Using HTTPS with MAPS

MAPS can be configured to use either or both the HTTP and HTTPS protocols for accessing the product launch page. We highly recommend using HTTPS to ensure secure communications between your users and the MAP server. The HTTPS protocol is used when logging in to the eLauncher, as well as for Argos Web Viewer if you use Argos. Client application traffic is encrypted with AES regardless of whether using HTTPS or not.

For security reasons, beginning in 4.2.1 you must use HTTPS in order to access the Argos Web Viewer. The Web Viewer runs in a browser and is therefore subject to the same risks as any other web page that transmits unsecured data over plain HTTP. Using HTTPS provides a level of encryption and assurance to your users that they are actually accessing the MAP server they intend to reach.

Users who attempt to access the Web Viewer over HTTP will see a notification and be directed back to the launch page.

MAPS Traffic

Traffic	Default Port	Encrypted
Launch page (HTTP)	8080	No
Launch page (HTTPS) Argos Web Viewer (HTTPS)	443	Yes
MAPS applications	27467	Yes

Configuring HTTPS

The MAPS in-product Help provides an overview of configuring HTTPS, as well as instructions on obtaining an SSL certificate using OpenSSL.

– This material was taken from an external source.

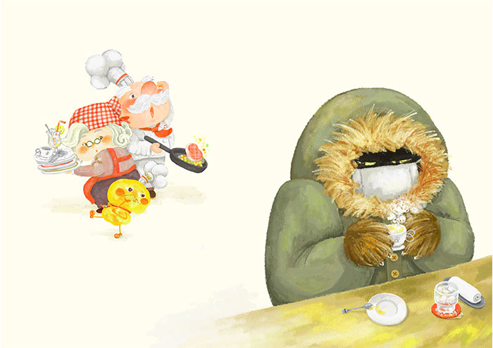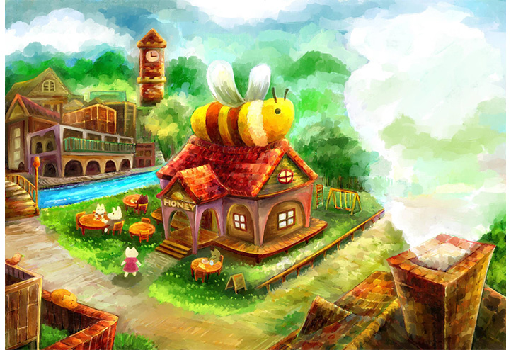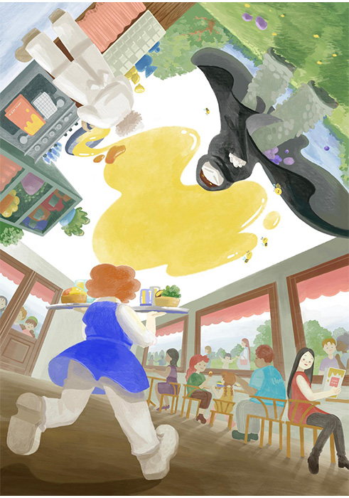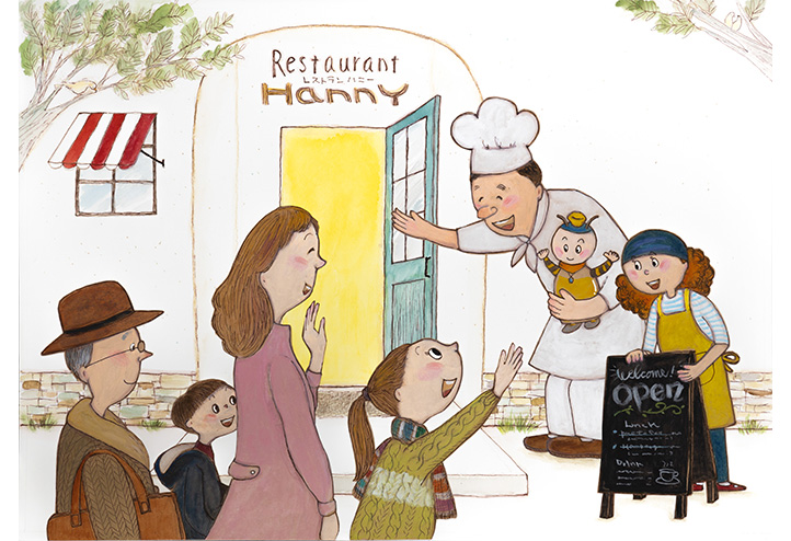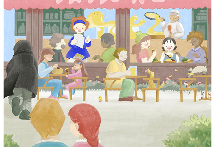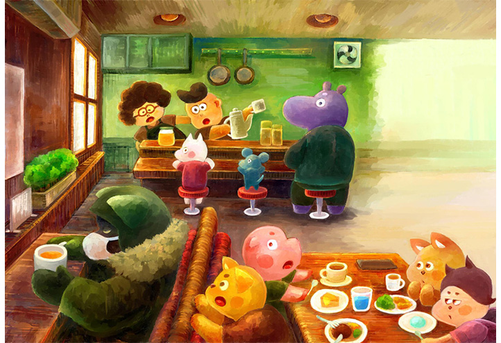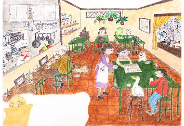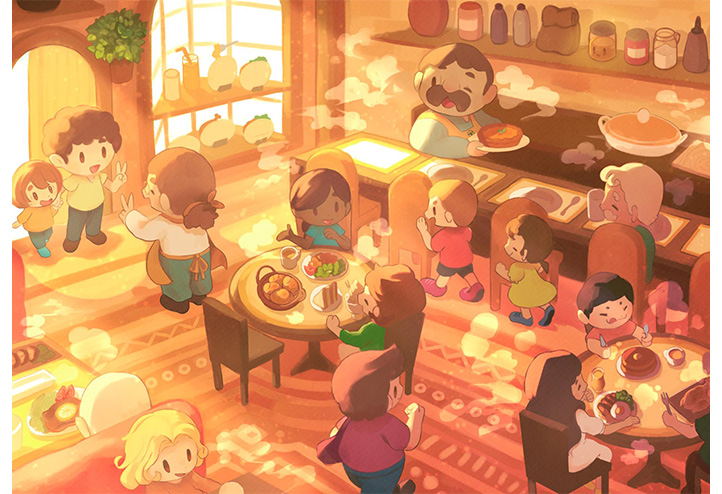 【作品講評】表情の付け方やキャラクター造形などはアニメ感が強いですが、温かみのある色使いや、ほんわかとした平和な雰囲気が素敵です。特にレストランの場面からは、地元の人に好かれているお店だということが伝わってきます。

Difference between logging in with HTTP and HTTPS

Aside from the additional security, users will notice some differences between the eLauncher depending on whether it is using the HTTP or HTTPS protocol:

With HTTPS, users log in once to the eLauncher. They will not be prompted to log in again to each application, with the exception of IntelleCheck and the MAPS Configuration tool.
With HTTP, users must log in to each application individually.

With HTTPS, users can customize the launch page to show just the products that they use. Only MAPS administrators can see the MAPS product tab.
With HTTP, all users see the same launch page with no customization options.